── DATA UNDER STUDY ──
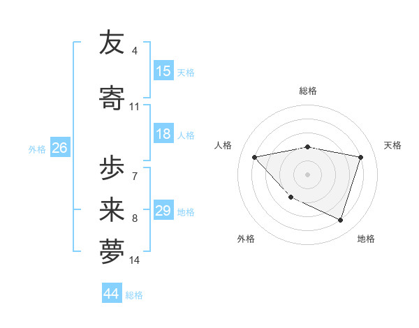 友寄 歩来夢さんを姓名の画数から五運を鑑定
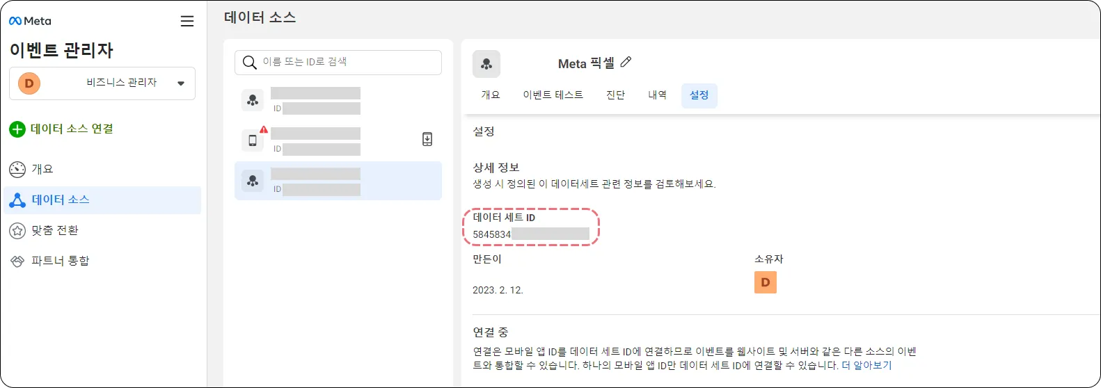 메타 픽셀 ID는 상세 정보 항목의 데이터 세트 ID입니다.
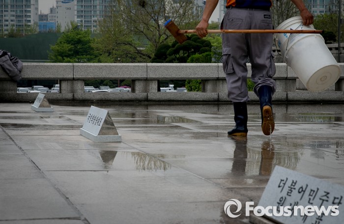 (서울=포커스뉴스) 21일 오전 서울 여의도 국회 본청 앞 주차장에 국민의당 지도부의 주차공간을 위한 명패가 설치되어 있다.
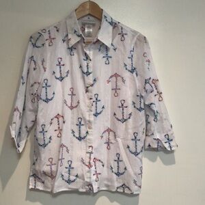 Alfred Dunner petit button up w/ floral anchor print and metallic stripes small
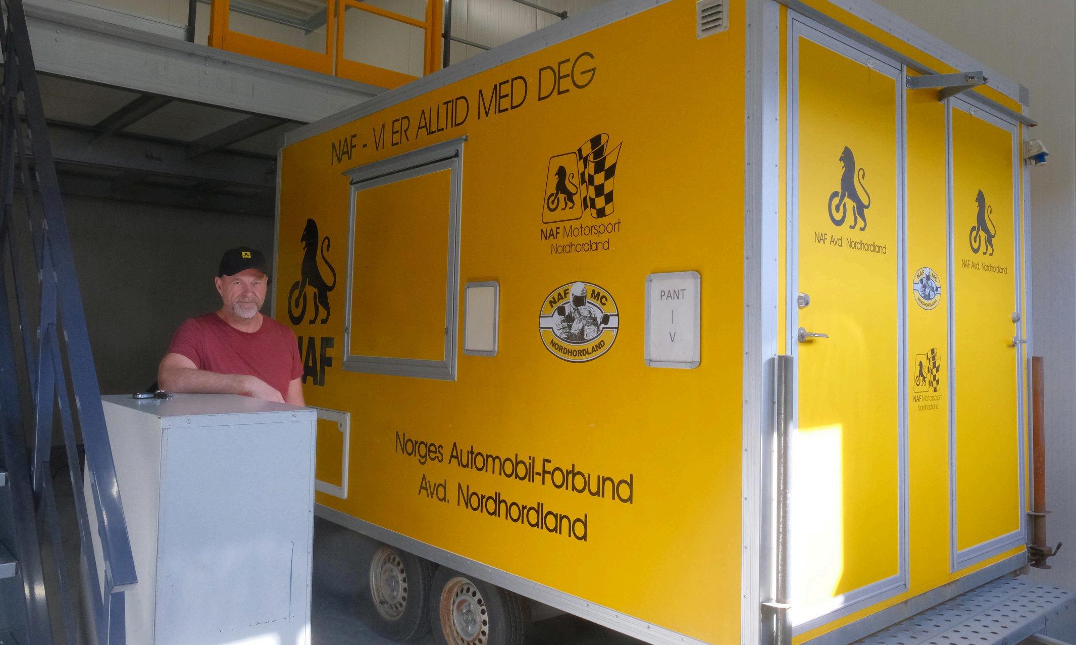 – Vogna er eigentleg skreddarsydd for denne type arrangement,medplassbådetilsekretariat, vaffelpresse og pølsebod samtidig, seier NAF-leiar Terje Villanger. Etter mange år underopenhimmelervognano vaska og stelt og gjort klar for eit liv under tak.
───
Copy each of the entries above precisely, and drop whatever pictures they hold.

ANSWER SECTION:
 友寄 歩来夢さんを姓名の画数から五運を鑑定
 메타 픽셀 ID는 상세 정보 항목의 데이터 세트 ID입니다.
 (서울=포커스뉴스) 21일 오전 서울 여의도 국회 본청 앞 주차장에 국민의당 지도부의 주차공간을 위한 명패가 설치되어 있다.
 Alfred Dunner petit button up w/ floral anchor print and metallic stripes small
 – Vogna er eigentleg skreddarsydd for denne type arrangement,medplassbådetilsekretariat, vaffelpresse og pølsebod samtidig, seier NAF-leiar Terje Villanger. Etter mange år underopenhimmelervognano vaska og stelt og gjort klar for eit liv under tak.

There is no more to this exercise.